С этими шариками в кармане Цыганок обошел все дома в Форпосте и соседних деревнях. Он надеялся найти кровать, от которой они были отвинчены. Не нашел.

А Голиков вечером того же дня, сидя у себя в кабинете, думал о том, что чудом спасся в Арзамасе, когда возле Стригулинских номеров его ударили ножом в грудь, и в другой раз, когда под Конотопом сорвалось крушение курсантского поезда, и когда под ногами его коня – это уже происходило на Тамбовщине – взорвалась самодельная бомба-чугунок. Для восемнадцати прожитых лет таких счастливых случаев накопилось немало. Сколько раз ему еще будет везти? Хотя нынешней ночью его спасло не слепое везение. Его спасли предвидение и расчет.

После покушения Аркадий Петрович устроил в сарае возле штаба тир. Каждое утро он заходил сюда и делал по нескольку выстрелов, пока не убедился, что одинаково уверенно попадает в мишени с правой и с левой руки.

Новоселье

Никитин снял Голикову квартиру напротив штаба в доме Аграфены Кожуховской.

Аграфене было лет тридцать пять. При большой физической силе она оставалась изящной и тонкой, но умное, доброе лицо ее было некрасивым.

Муж ее, личность довольно темная, промышлял спекуляцией, намывал в соседнем озере соль, развозил ее по дальним деревням и продавал стаканами. Торговля шла бойко, и потому дома он подолгу не появлялся, однако с бандой, по наведенным справкам, дел не имел. Детей у них не было. Жизнь Аграфены текла уныло и одиноко, поэтому квартиранту она обрадовалась и обещала Никитину, что будет кормить Голикова и стирать ему белье.

Аркадий Петрович перенес из штаба свой чемодан. Хозяйка провела его в комнату, самую просторную в доме. Здесь было три окна – одно сбоку, два по фронтону. Меж окон стояли лавка, стол и две табуретки. Справа от стола была дверь в среднюю комнату. На эту же сторону выходила половина русской печки с лежанкой. Топилась печь из кухни-прихожей. А у левой стены громоздились широченная кровать с горой подушек и самодельный шкаф.

Голиков сразу подметил, что кровать хорошо просматривается из окон.
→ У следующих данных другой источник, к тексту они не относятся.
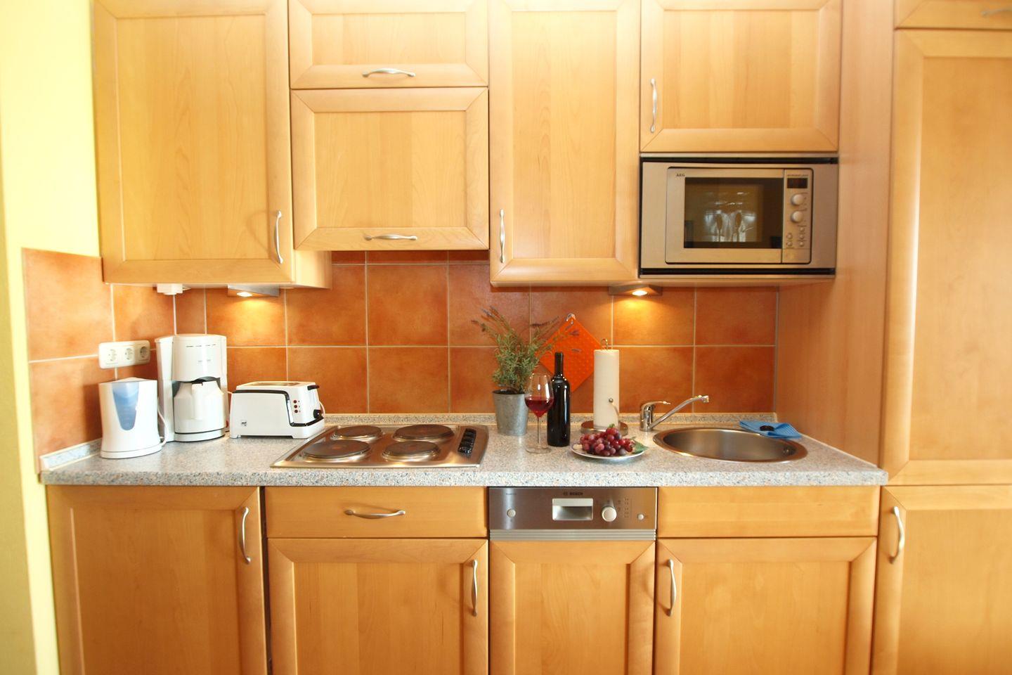 Die Küchenzeile hat aber auch einiges zu bieten: vier Kochfelder, eine Mikrowelle mit Grillfunktion, einen Kühlschrank mit Gefrierfach, eine Kaffeemaschine, einen Toaster, einen Wasserkocher und einen Geschirrspüler – alles da, was man so braucht und den Urlaub nur noch angenehmer macht.

– Вы не будете возражать, если я поменяю кровать и шкаф местами? – спросил он хозяйку.

– Как вам будет удобно.

К обеду весь Форпост уже знал, что Голиков снял квартиру у Кожуховской и переставил мебель, потому что боится выстрелов из окна. Аркадия Петровича такая осведомленность устраивала, потому что спать он собирался не на кровати, а на печке, где толстая кирпичная кладка надежно прикрывала его от любых жаканов и никелированных шариков.

Когда Голиков поздно вечером вернулся из штаба, хозяйка сидела с шитьем и ждала его к ужину.
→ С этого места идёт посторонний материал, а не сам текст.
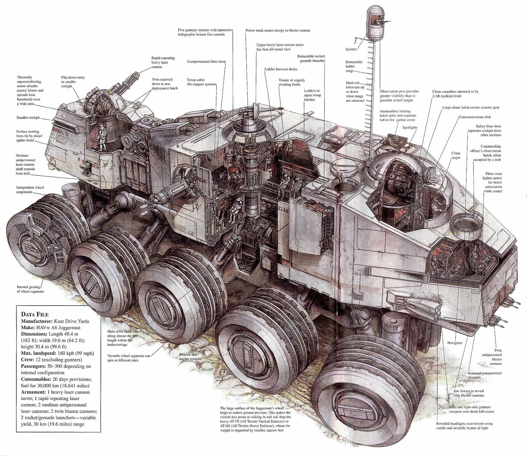 «Джаггернаути» виконували роль не тільки фронтової штурмової машини, а й потужного піхотного транспорту.[1] Також, окремі турботанки могли застосовуватися як неприступні мобільні командні центри.[4] Вони були розроблені для придушування за допомогою своєї величезної вогневої потужності захищених щитами військових споруд, деякі з яких могли витримати обстріл одного турботанка протягом годин. Цілі, які не були захищені щитами, HAVw A6 могли уразити такою вогневою силою, що на уражених нею відрізках місцевості утворювалася вогнена куля, жар від якої був рівний жару від вибуху ядерної бомби.[1] Попри те, що HAVw A6 мали схильність часто ламатися,[4] вони були найбільшими серед важких штурмових машин серії «Джаггернаут»,[3] через що солдати називали їх «плитами на колесах»,[2] а одна лише згадка про них викликала спогади про квінтильйони знищених бойових дроїдів. Ці міцні та потужні машини були відповідною опорою для армій клонів.[1]

– Как же вас звать? – спросила она, ставя глубокую миску с горячими щами.

– Аркадий Петрович.

– А можно, без людей я буду вас звать просто Аркаша? У меня мог быть такой сын, как вы.

– Конечно.

– А устал ты, наверно, Аркаша, от солдатской службы? Домой небось хочется?

– Устал. Только дома у меня вроде как нет, – с печалью признался он. – Мать в Киргизии. Отец в Иркутске. В Арзамасе, где мы жили, теперь только сестры с теткой. И я уж подумываю: если разобьем Соловьева, не остаться ли мне в Сибири. Нравятся мне здесь и реки с тайменем и хариусом, и тайга, где чего только не растет. И горы…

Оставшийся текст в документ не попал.